The Grande Prairie COU operates in the Peace River Arch area of
Alberta. Core producing areas include Karr-Gold Creek, Valhalla and
Mirage. Average daily sales volumes in the Grande Prairie COU
during 2011 were 3,568 Boe/d, an increase of 18 percent compared to
2010. The increase was primarily the result of production increases
in Valhalla as a new gathering and compression system was brought
on stream and at Karr-Gold Creek.
VALHALLA
Valhalla is located approximately 70 km northwest of Grande
Prairie. Paramount owns approximately 67 (47 net) sections of land
in this area which has multi-zone potential, including in the
Montney and Lower Doig formations. The Company's activities at
Valhalla accelerated in 2011, with the drilling of 8 (5.7 net)
wells and 7 (5.3 net) wells being brought on production. The wells
drilled in 2011, which primarily target the Montney formation, have
yielded promising results, with significant liquids yields.
A new 10 MMcf/d compression and gathering system was
commissioned in the second quarter of 2011. Construction of an
expansion to this system to bring total capacity to 28 MMcf/d is
near completion and expected to be operational in the second
quarter of 2012. Due to capacity constraints four (2.2 net) wells
have been temporarily shut-in and will be re-started when the
expanded compression capacity is available.

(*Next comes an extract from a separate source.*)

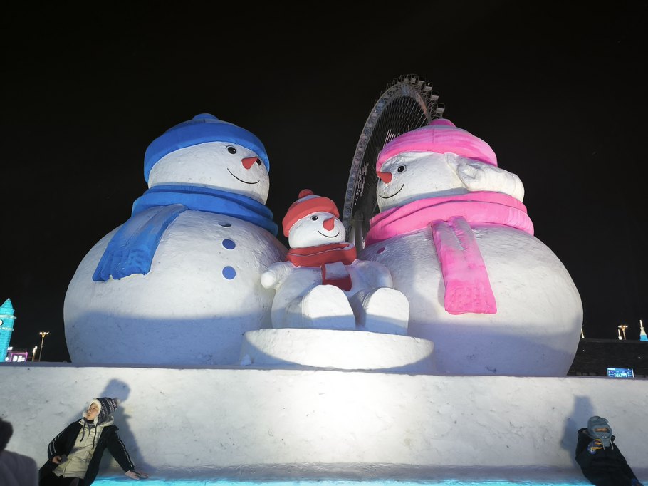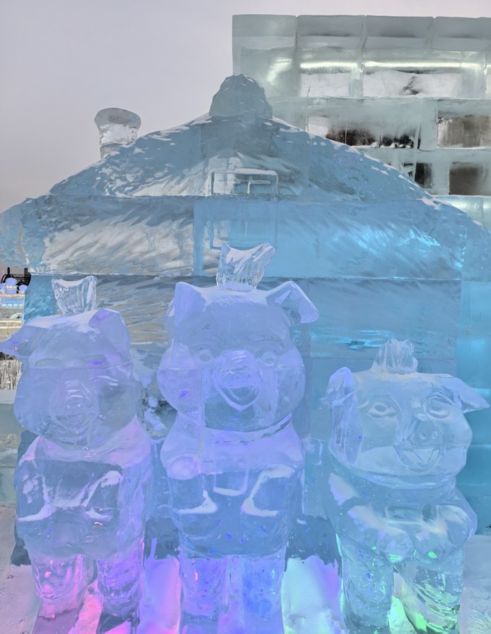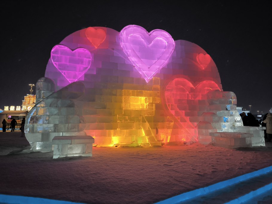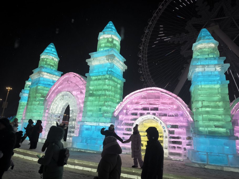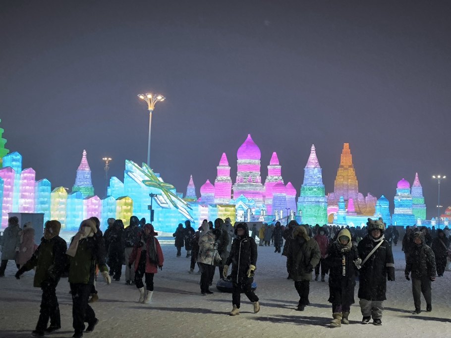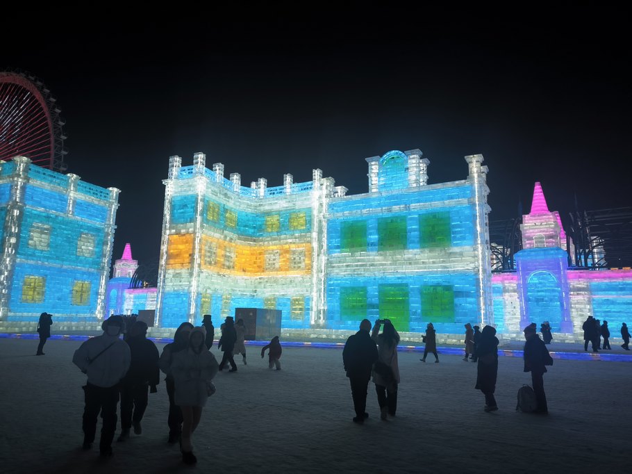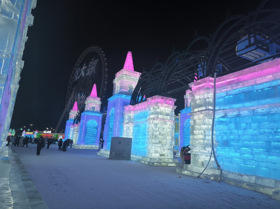 «Мир льда и снега» красивее именно в темноте, когда включается подсветка, подчеркивая многие элементы зданий и скульптур.

The Grande Prairie COU plans to drill up to 9 (5.0 net) operated
and non-operated wells at Valhalla in 2012.
KARR-GOLD CREEK
Paramount has assembled a land position of approximately 180
(148 net) sections at Karr-Gold Creek, located 50 km southwest of
Grande Prairie. Exploration activities continued on the play during
2011, as the Company worked to optimize recovery systems and
increase production from existing wells. Since commencing
exploration of Karr-Gold Creek in 2008, the Company has brought 10
(9.7 net) lower Montney horizontal wells on production. To date,
the performance of these wells has been below expectations, with
current aggregate production averaging approximately 6 MMcf/d. A
number of operational challenges in 2011 impacted the Company's
effort to improve well performance, including inconsistent
production resulting from multiple unplanned third party processing
interruptions totalling 77 days and delays in the delivery of
surface equipment.
During 2012, Paramount plans to bring three (3.0 net) lower
Montney horizontal wells that were drilled during 2011 onto
production and complete a previously drilled horizontal well in a
Middle Montney reservoir.
The Company completed expansions to gathering and compression
systems at Karr-Gold Creek during the year, with sour gas capacity
being increased to 40 MMcf/d and sweet gas capacity of 8 MMcf/d.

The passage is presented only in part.